Bryan Lee, Play One for Me (Severn)

Bryan Lee, Play One for Me, album cover

Former Bourbon Street blues journeyman Bryan Lee delivers a very well-thought-out, and very un-Bourbon Street-like CD—i.e. no standards, rather plenty of originals and a sprinkling of mostly informed R&B covers. Granted, there are some straight blues numbers here, but Lee has, in most cases, pleasingly expanded the parameters. A good example is the inspiration for the CD’s title—”Aretha (Sing One For Me)”—a George Jackson obscurity from the early ’70s, where Lee doesn’t stray far from the original Memphis arrangement or the pleading delivery of the original. Another is “When Love Begins (Friendship Ends),” another R&B obscurity (borrowed from Little Sonny) that tellingly chronicles the perils sometimes involved in the pursuit of love and so-called happiness. On the blusier side, the original “Poison” (with Kim Wilson in tow on harp) has a vintage/road house sounding edge that’s most appealing as does the cover of Freddy King’s “It’s Too Bad (Things Are So Tough With Me).” Interestingly King’s brother, Benny Turner, played in Lee’s Bourbon Street band for several years.

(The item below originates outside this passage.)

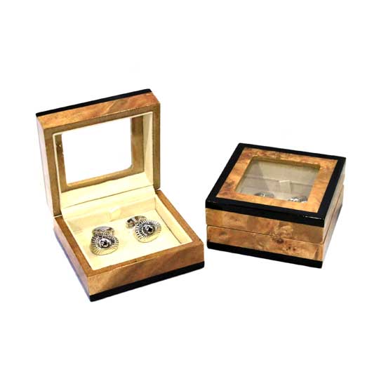 These exquisite brass cufflinks feature shiny polished surfaces. The well-designed cufflinks bring you a unique dressing style. The square packaging box features a window on the top.

Another track with a definite blues edge is “You Was My Baby (But You Ain’t My Baby No More)” where Lee lays down the law to his used-to-be old lady. Of the originals, the best might be “Let Me Love You Tonight” which has the Tyrone Davis/Latimore/Syl Johnson groove you used to hear late at night on Southern R&B stations in the early ’70s. Lee’s guitar is prominent throughout, but he doesn’t overplay his hand here. The last (and least) of the songs on the CD is the closer “Sixty-Eight Years Young,” which Lee should have left on the shelf. That aside, this is a very enjoyable CD.